● **THE DATA**:
──────────
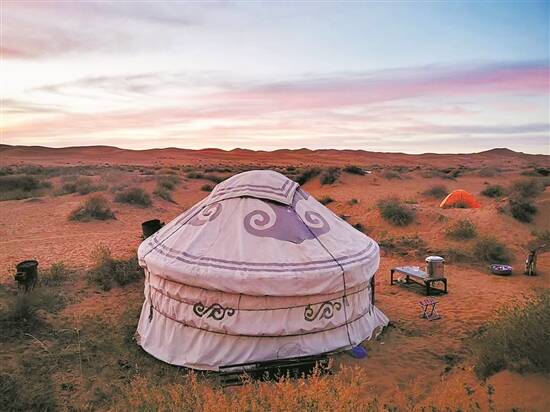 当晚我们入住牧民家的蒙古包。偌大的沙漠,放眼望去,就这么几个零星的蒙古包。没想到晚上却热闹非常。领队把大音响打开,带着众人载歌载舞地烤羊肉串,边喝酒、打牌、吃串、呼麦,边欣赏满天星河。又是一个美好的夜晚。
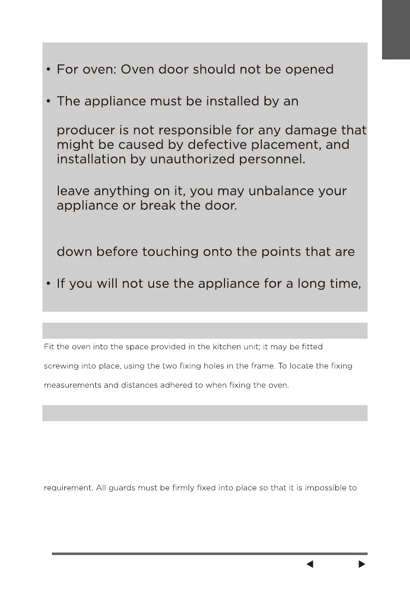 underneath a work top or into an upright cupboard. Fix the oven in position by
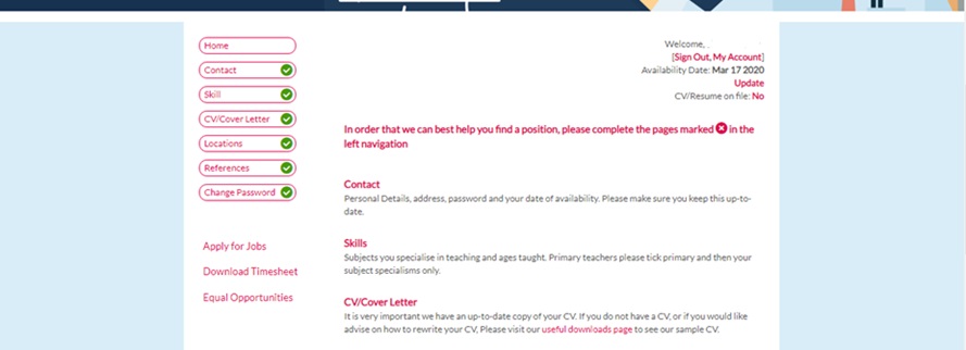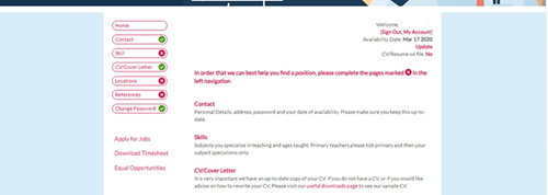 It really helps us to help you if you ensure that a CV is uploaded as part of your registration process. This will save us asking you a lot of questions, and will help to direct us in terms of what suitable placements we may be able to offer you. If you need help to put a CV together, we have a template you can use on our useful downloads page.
──────────
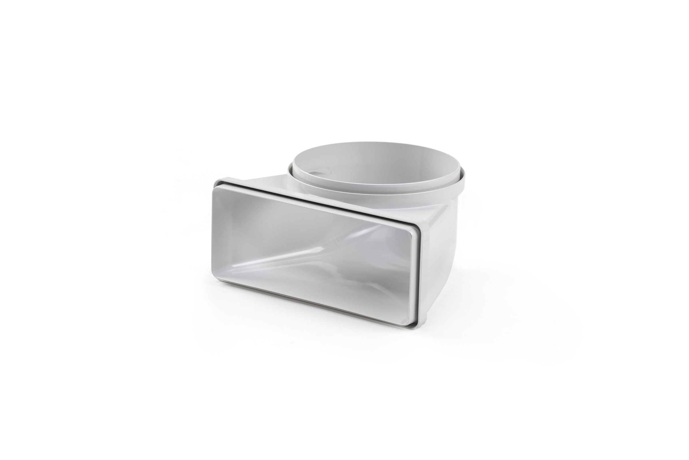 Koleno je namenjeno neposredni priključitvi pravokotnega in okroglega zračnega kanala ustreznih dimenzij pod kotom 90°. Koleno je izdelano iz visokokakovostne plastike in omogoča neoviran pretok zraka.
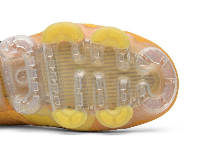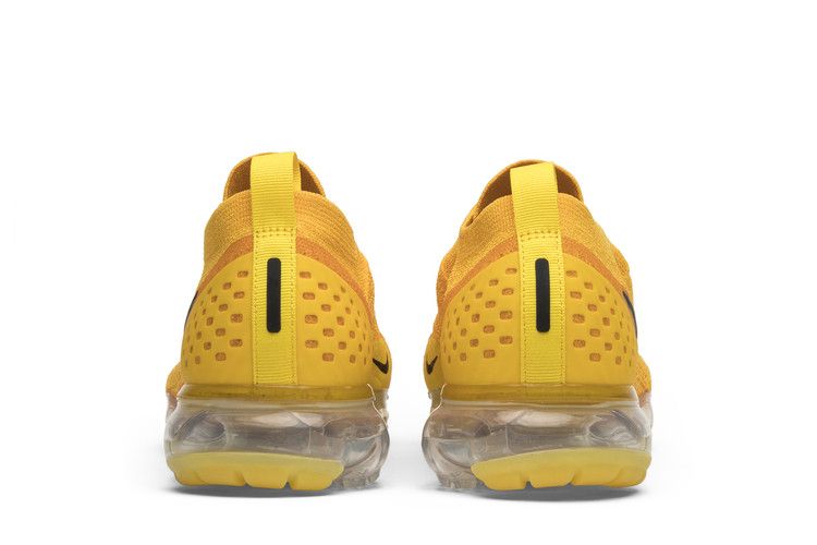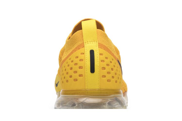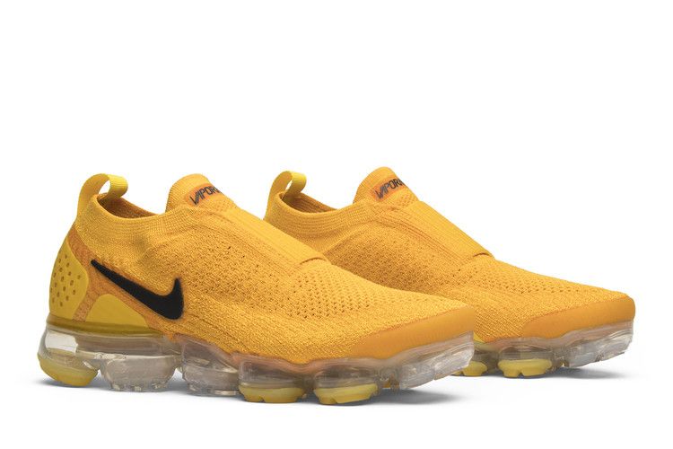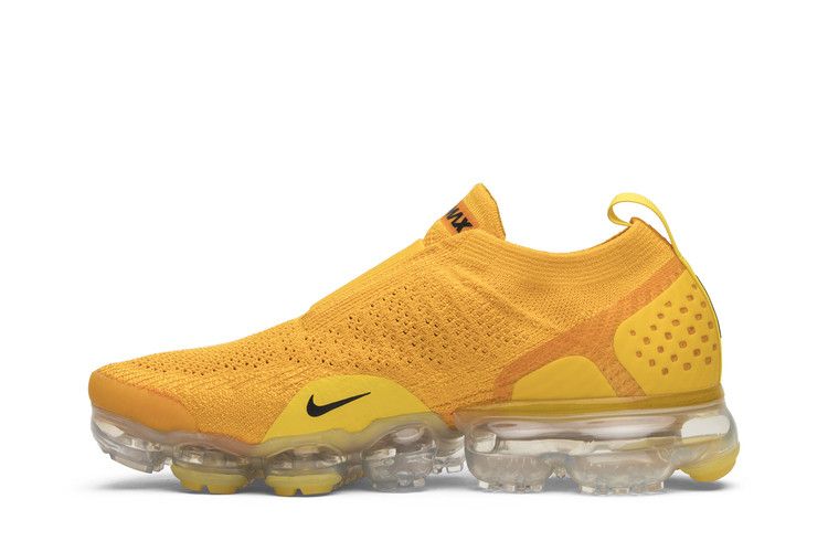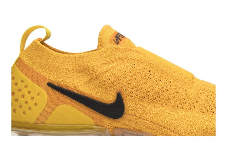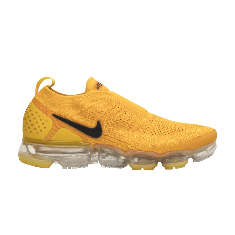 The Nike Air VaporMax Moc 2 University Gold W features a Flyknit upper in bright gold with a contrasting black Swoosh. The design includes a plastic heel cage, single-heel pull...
──────────
● **PROBLEM STATEMENT**:
Using the records above, print exactly the run of lines that starts with the line with "当晚我们入住牧民家的蒙古包。" and goes on through the line with "It really helps", pictures excluded.

● **RESPONSE AREA**:
 当晚我们入住牧民家的蒙古包。偌大的沙漠,放眼望去,就这么几个零星的蒙古包。没想到晚上却热闹非常。领队把大音响打开,带着众人载歌载舞地烤羊肉串,边喝酒、打牌、吃串、呼麦,边欣赏满天星河。又是一个美好的夜晚。
 underneath a work top or into an upright cupboard. Fix the oven in position by
 It really helps us to help you if you ensure that a CV is uploaded as part of your registration process. This will save us asking you a lot of questions, and will help to direct us in terms of what suitable placements we may be able to offer you. If you need help to put a CV together, we have a template you can use on our useful downloads page.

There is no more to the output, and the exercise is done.